One person surveyed said: “If lowered to 16 I think you would get a lot of immature people voting wrongly and for the wrong reasons” but many people surveyed do not agree and think that 16 year olds are mature enough to vote for our country.
How can people campaign for a younger voting age whilst also excluding such a large proportion of the population?
With the result of Brexit and the presidential election, many people feel we have taken a step back and have opened our society up to much more discrimination and racism.
So why are these same people asking for a cut in who can vote.
Some people have said that voters are sulking that the decision hasn’t gone the way they expected and they are looking for someone to blame.
Young people are overwhelmingly looking for someone to blame for the way this election turned out. They feel as though they have been failed by their government and by their own family members.
But wouldn’t we rather live in a democratic society where there is no maximum age to vote, albeit terrible decisions that may be made.
To have an upper age limit on voting is a short-sighted opinion.
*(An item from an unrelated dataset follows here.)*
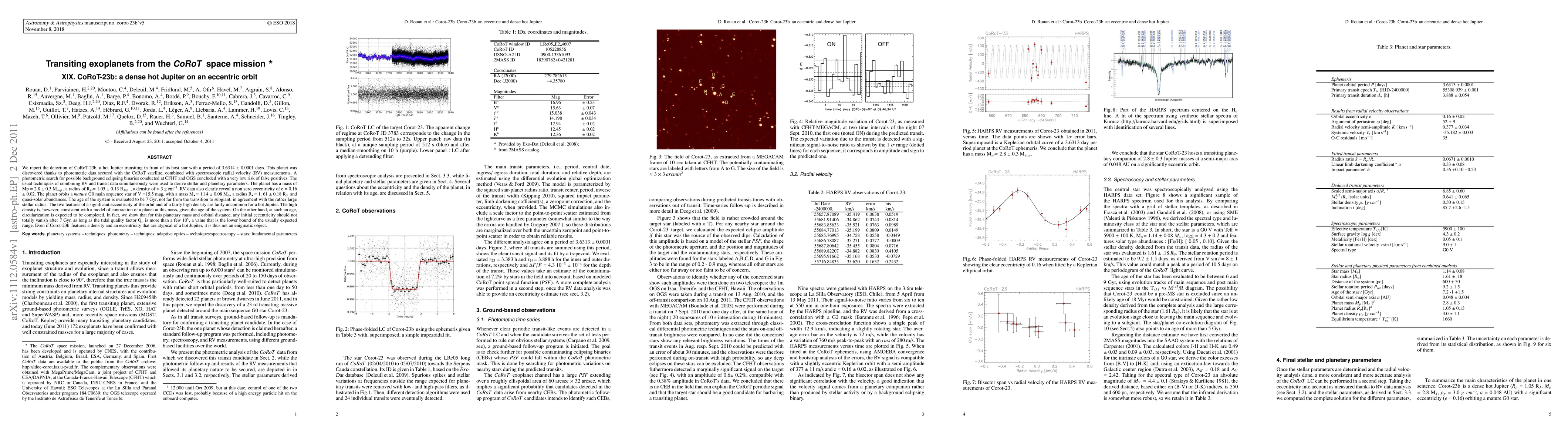 CoRoT-23b is a dense, eccentric hot Jupiter discovered via CoRoT satellite photometry and RV measurements, with a mass of 2.8 MJup and a radius of 1.05 RJup. Its orbit exhibits an eccentricity of 0.16, uncommon for such planets, but consistent with its age and expected tidal evolution.

This would massively cut down the numbers of people voting and would not represent the entire population. It would be disregarding decades of life experience and knowledge.
It is clear from our survey results that the majority of people, in any age group, don’t wish for a maximum voting age. But the divide in voting between the age groups is clear.
Young people looking for someone to blame for elections results should perhaps look towards those who don’t vote. With 64% of 18-24s not turning out to vote in Brexit and 11.7% in our survey (7.4% of those were under 25), the results could have been entirely different with a higher turnout.